Mon Mar 8 14:56:55 EST 2004

In-line please

> -----Original Message-----
> From: juniper-nsp-bounces at puck.nether.net 
> [mailto:juniper-nsp-bounces at puck.nether.net] On Behalf Of 
> Daniel Roesen
> Sent: Monday, March 08, 2004 11:25 AM
> To: juniper-nsp at puck.nether.net
> Subject: Re: [j-nsp] Weird traceroute across MPLS core using 
> labeled-unicastIBGP
> 
> 
> On Mon, Mar 08, 2004 at 10:37:34AM -0800, harry wrote:
> > I will investigate a PR on the monitor traffic. Does seem broke.
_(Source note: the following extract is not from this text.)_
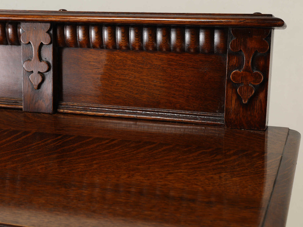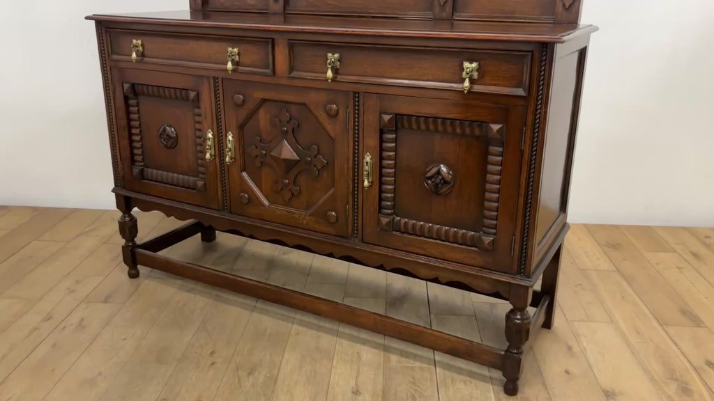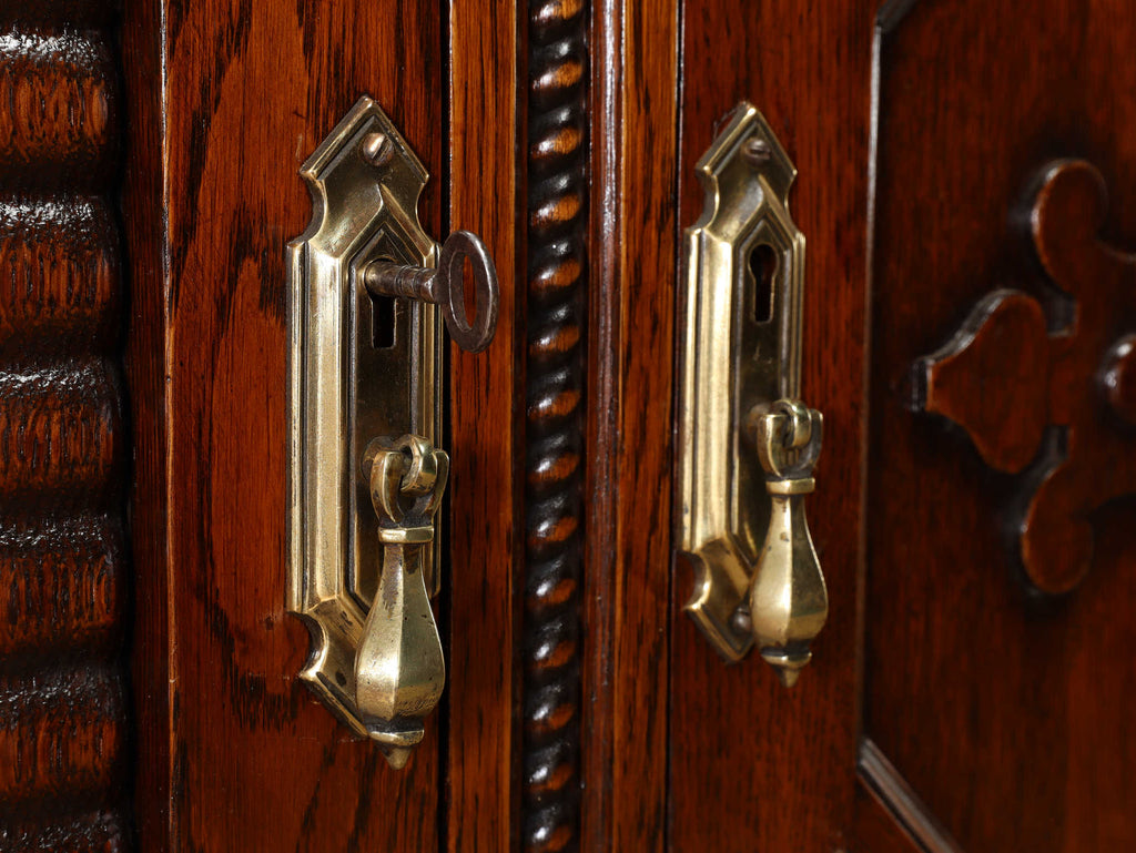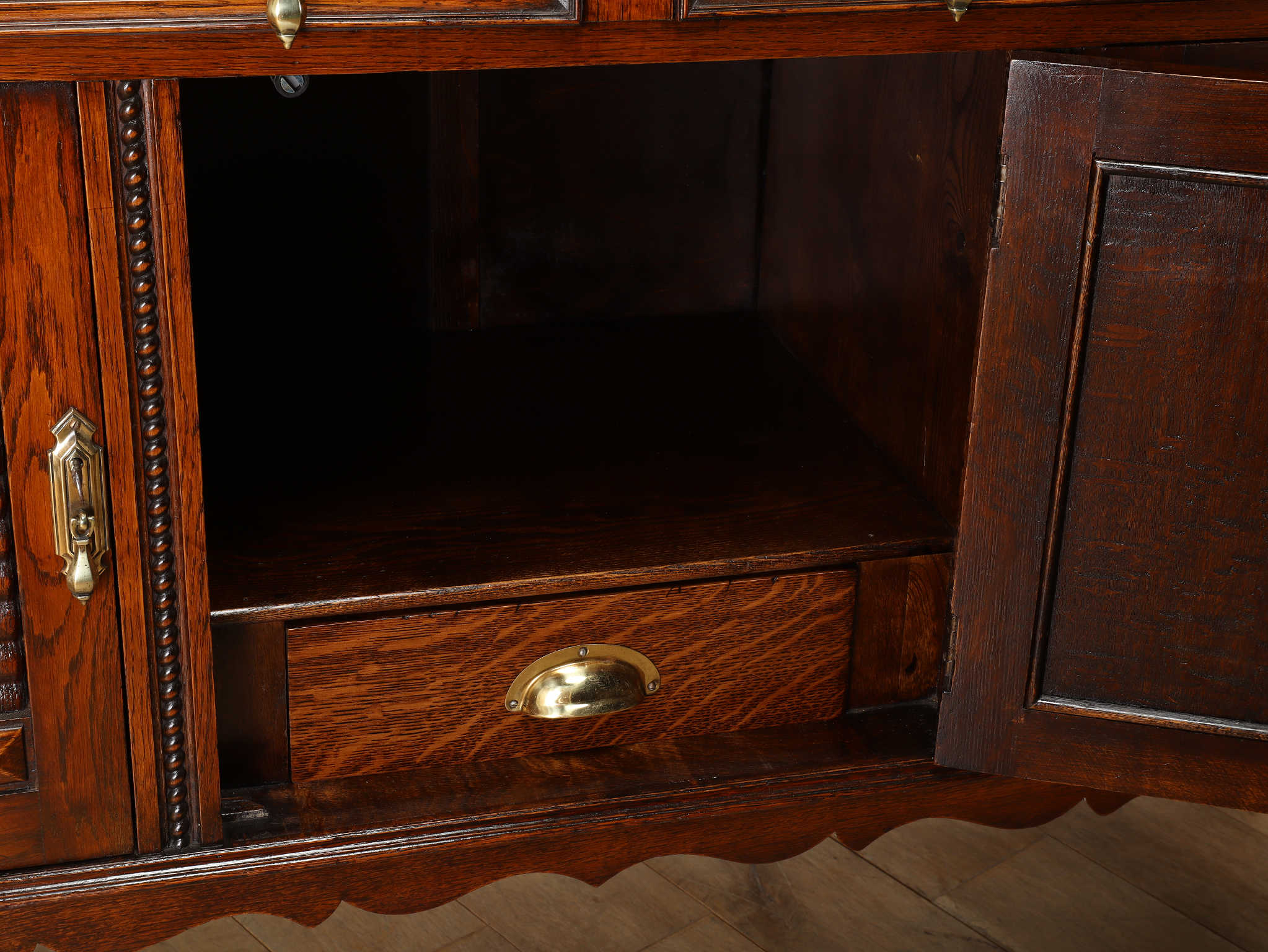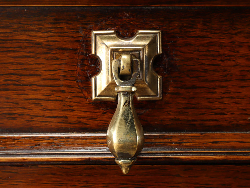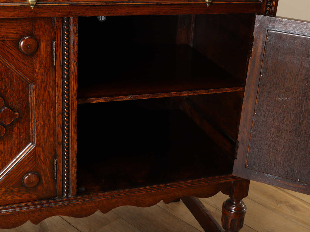 経年変化したオーク材の風合いや、笠木部分と扉や脚など、随所に施された繊細な彫刻が非常に味わい深い一品です。オーク材ならではの力強い木目と堅牢なつくりが特徴で、英国の伝統的なスタイルを感じさせるデザインは、空間に落ち着きと風格をもたらします。抽斗に加え、左右中央も戸棚になっていることから、食器やリネン類、書籍などをたっぷりと収納できます。リビングやダイニングにて、テーブルランプやグリーンなど、お好みのアイテムと組み合わせて、ディスプレイスペースとしても楽しんでみてはいかがでしょうか。

I 
> > will let you know.
> 
> Thanks.
> 
> > 1. If the traffic is sourced from the CE, then monitor traffic does 
> > not function on PE/P routers (as you know.) On traffic 
> from/to the CE 
> > there is no MPLS/VPN encapsulation, again as I am sure that 
> you know.
> 
> ACK.
> 
> > 2. If you ping/traceroute from the local PE, say PE-1, to 
> the remote 
> > VRF interface or CE, then the path of the ICMP traffic is from the 
> > local PE to remote PE via mpls forwarding. When the remote PE/CE 
> > responds to the ping or traceroute the returning traffic, 
> even though 
> > addressed to the VRF interface on the local PE, is *not* initially 
> > processed by the local PE. Instead, the local PE pops the label and 
> > forwards the traffic to the local CE, which then routes the traffic 
> > back to the local PE where the response traffic is detected.
> 
> Uhm, when I do a ping/trace from PE-1 (local) to PE-2's CE 
> facing interface IP, the return traffic (ICMP echo reply 
> [ping] or Port Unreachable [traceroute]) does _not_ come 
> MPLS-encapsulated but by native forwarding. I don't see how 
> any CE is involved at all. And given that the ping/traceroute 
> source is PE-1's loopback IP, I don't see any reason that 
> PE-1 forwards the response to a CE-1, given that it's 
> terminating the traffic itself - and the traffic not carrying 
> any label anyway.

This strikes me as odd. The remote PE-CE VRF IP should not be in the remote
PE's main routing table, or in the inet.0 table of P routers, so the only
way a reply can come back to the originating (local) PE is for MPLS
forwarding, AFAIK (assumes that GRE is not used in lieu of MPLS across the
backbone..

> 
> > Note that the traffic coming back from the remote PE/CE is 
> handled as 
> > transit traffic so tcpdump at the local PE core-facing 
> interface will 
> > not display the response traffic.
> 
> Why transit traffic? In case of ping/traceroute originating 
> on PE-1, it shouldn't be transit traffic. In case of 
> originating on CE-1, it's clear. VPN label gets popped by the 
> PFE and packet forwarded to CE-1. RE doesn't see the packet at all.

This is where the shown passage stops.